What causes the atmosphere to be so cruel, that the plane falls when it flies higher than 250 feet. Please hypothesize and bring an extensive reason.
PS: The phenomenon should not significantly affect the Earth itself, not to the point of total death on the surface. It must be in the window of natural occurrences. Not aliens, robots or humans hand caused from land.
You do come up with some odd topics... I assume you are asking what, if anything, would keep a plane from flying over 250 feet? Since we all know planes fly far higher than that in reality.
In answer: I have no idea. Maybe some type of violent weather causing highly unstable conditions above 250 feet?
The rate of Neutron impact goes up the higher a plane ascends. Neutrons can effect fight control avionics.
The law of aerodynamics do not normally change going from an elevation of 250 feet to an elevation of 251 feet. The phenomena of "lift" created by the movement of air across a wing remains constant, assuming forward speed remains constant. When a craft reaches the outer limits of earth's upper atmosphere lift eventually diminishes and disappears as air is no longer present.
Am I stupid? What kind of bizarre question is this? I don't get it. It sounds like gibberish. Am I missing something or am I just stupid?
Are we talkin' 250' above sea level, or like Denver?
A planetary magnetic pole reversal could bring a plane down..maybe.
All aircraft have a "service ceiling" that is roughly the highest the airplane can fly. As the atmosphere thins, it is harder to generate lift (but, happily, there's also less drag so there's a good reason to fly high).
It should be perfectly possible to construct an airplane that has a service ceiling of 250 feet. Of course, that ceiling is going to be affected by temperature and humidity, so I'd sure never want to fly in that aircraft!
It's also possible to load any aircraft so that it is incapable of climbing above ground effect. Ground effect (air molecules bouncing off the ground and helping support aircraft flying close to the ground) provides some extra lift up to a height about equal to the wingspan of the aircraft, but most of it comes when you get down to below half a wing span or less.
So if you had an aircraft with a really big wingspan of, say, 350 feet taking off from a really wide concrete runway, it would be possible to have it fly at up to 250 feet in ground effect but not be able to climb above that without stalling/crashing.

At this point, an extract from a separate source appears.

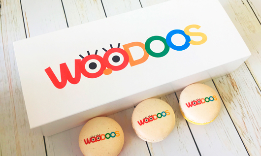 Корпоративный подарочный набор от WOODOOS - логотип на макарунах и упаковке
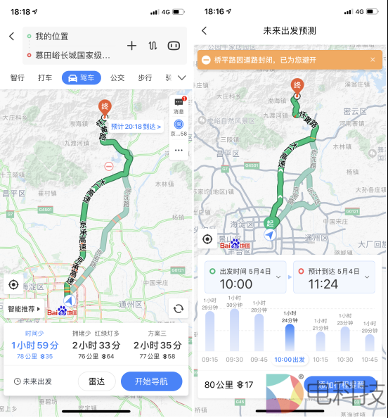 疫情防控背景下,自驾游成了较为安全的出行方式之一。节前北京刚宣布下调疫情防控等级后,多家在线旅游平台的“租车自驾游”搜索量就直线蹿升。但开车出行的人多了,堵车也就难免出现,若担心遇上拥堵,就需要“未来出行”功能“助阵”,选择一个更合理的出发时间。在百度地图驾车导航页面输入出发地后,可以看到左下角的“未来出行”按钮。点击按钮,页面下方会用条形图展现不同出发时刻的用时情况。如果想安排未来几天的行程,还可以切换日期,未来7天内任意时间点出发的路程耗时都可预测。从而帮用户选择最佳出发时段,减少浪费在路上的时间。

In fact, we have an example of this. The old Hughes Spruce Goose only managed to get airborne in ground effect.
Ground effect is useful for taking off from a short runway; you can continue to accelerate while still in ground effect, then begin a climb towards an altitude that's a little less scarily close to the ground. (Altitude is a pilot's friend.) This option doesn't exist, of course, if there's an obstacle in the way.
I sometimes had to land on a grass strip in the dark without lights, and I thanked ground effect for safe landings, not knowing until the last few seconds if I was 25 feet off the ground or just 5.